Les cryptomonnaies concurrencent-elles les monnaies souveraines ? Menacent-elles l’indépendance financières des États ?
Oui, il y’a certainement un problème de souveraineté qui risque de se poser à la longue. D’habitude ce sont les États qui créent les monnaies, cependant, la technologie devance le plus souvent certaines réalités, force est de reconnaitre que les cryptomonnaies sont là pour s’implanter définitivement et il faut faire avec. Les États gagneraient surtout à réglementer ces monnaies numériques et éviter à la population les abus. Cependant il ne faut pas règlementer de sorte à l’abolir. Il faut trouver le juste milieu entre protéger la population et permettre à l’innovation de s’exprimer.
Pourquoi la cryptomonnaie séduit de plus en plus les africains en général, et les Burkinabés en particulier, surtout avec le Nigéria qui est considéré comme le pays africain ayant le plus nombre de détenteurs de cryptomonnaies soit 13 millions en 2021 ?
Une des raisons qui justifie l’intérêt pour la cryptomonnaie est qu’elle est la banque et la finance de demain. Avec les jeunes qui sont de plus en plus férus de technologie et d’innovation, c’est naturel qu’ils adoptent la monnaie numérique. La technologie qui est sous-jacente à cette monnaie numérique est révolutionnaire, elle est la plus grande révolution depuis l’avènement de l’Internet. Elle est la source de beaucoup d’innovations disruptives en cours et à venir. Le nombre important de détenteurs de cryptomonnaies pour citer l’exemple du Nigéria est surtout pour des raisons de spéculations. Aussi le cas particulier du Nigeria est dû au fait que la monnaie locale à savoir le Naira est pratiquement instable, les habitants essayent ainsi de protéger leurs épargnes, de lutter contre l’inflation en investissant dans les monnaies numériques.
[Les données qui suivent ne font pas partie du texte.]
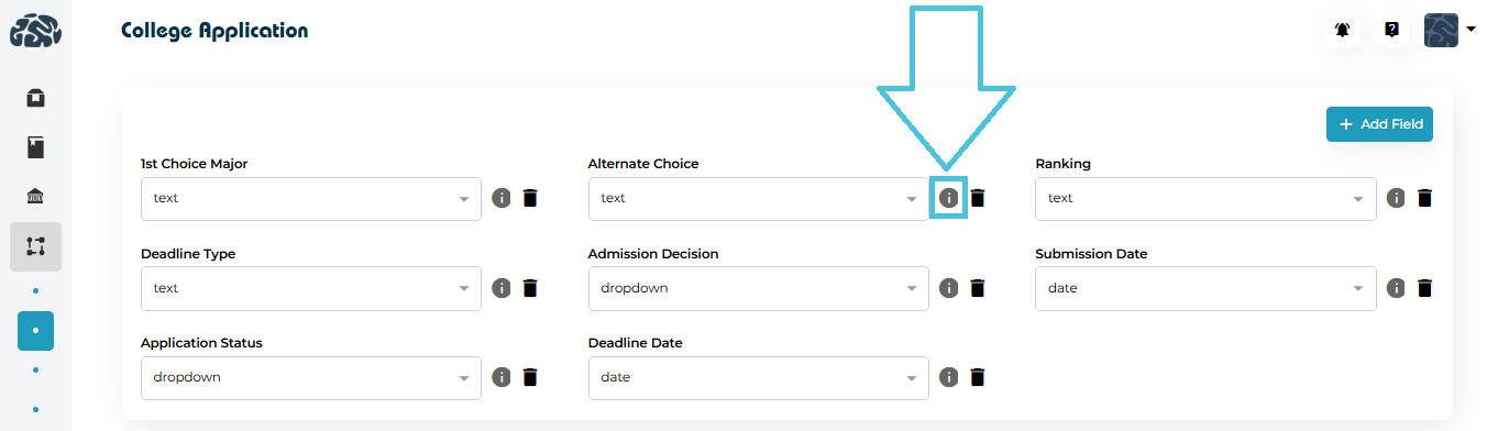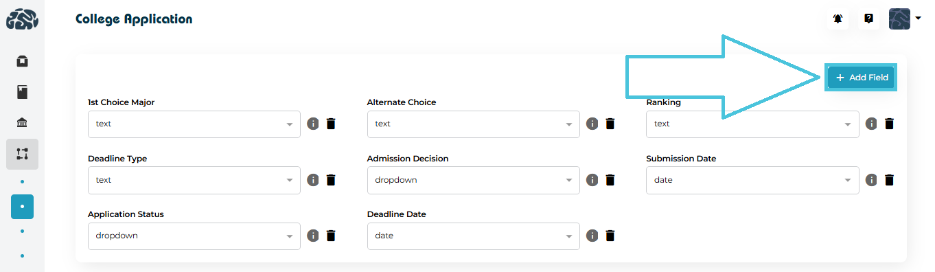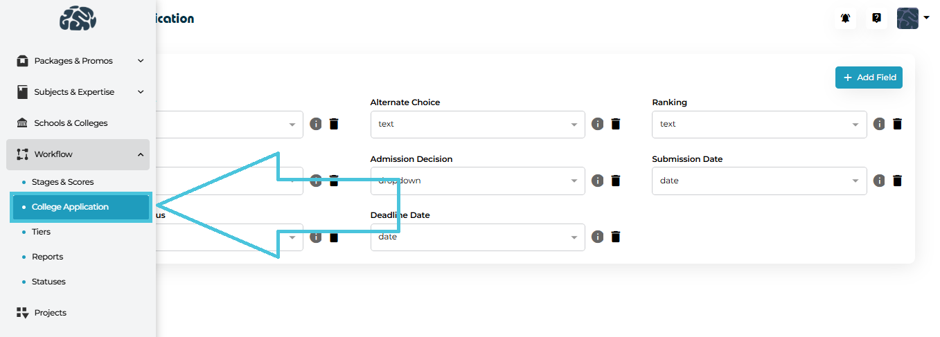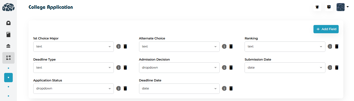 The College Application module allows admins to design and control the exact fields used to track each student’s college application journey. By configuring application fields, you can standardize data entry, ensure consistency across counselors, and adapt the workflow to different institutions, regions, or admission requirements.

« Les cryptomonnaies ne valent rien » avait déclaré récemment la présidente de la banque centrale européenne (BCE), Christine Lagarde. Partagez-vous sont point de vue ?
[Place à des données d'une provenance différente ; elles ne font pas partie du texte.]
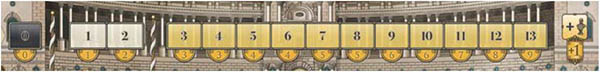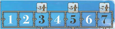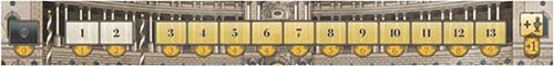 Then each player must move their wooden disk a number of spaces back on the track: 3 spaces after the first, 5 spaces after the second, and 7 spaces after the third Emperor Scoring.

Selon moi, cette sortie de la présidente de la banque centrale européenne relève de la peur plus que tout autre chose. Du reste, selon Idriss Aberkane (conférencier et essayiste français, titulaire de trois doctorats), toutes les révolutions sans exclusive passent par 3 étapes : « ridicule », « dangereux », « évident ». Le système financier classique qui a d’ailleurs montré ses limites gagnerait à s’adapter. Pour preuve, la politique illimitée d’impression de billets que mène la Banque Centrale Européenne met en mal l’équilibre économique de l’Europe actuellement. L’Euro a perdu près de 13% de sa valeur actuelle face au dollar américain, l’inflation est galopante et la croissance ralentit. A noter que Christine Lagarde a été désavouée par son propre fils qui lui investit dans la cryptomonnaie. Pour ma part je lance le conseil de s’adapter à l’évolution tout en prenant le bon côté qu’offre cette technologie tout en essayant de limiter les dérives.
Quelles sont les cryptomonnaies à fort potentiels en 2022 ?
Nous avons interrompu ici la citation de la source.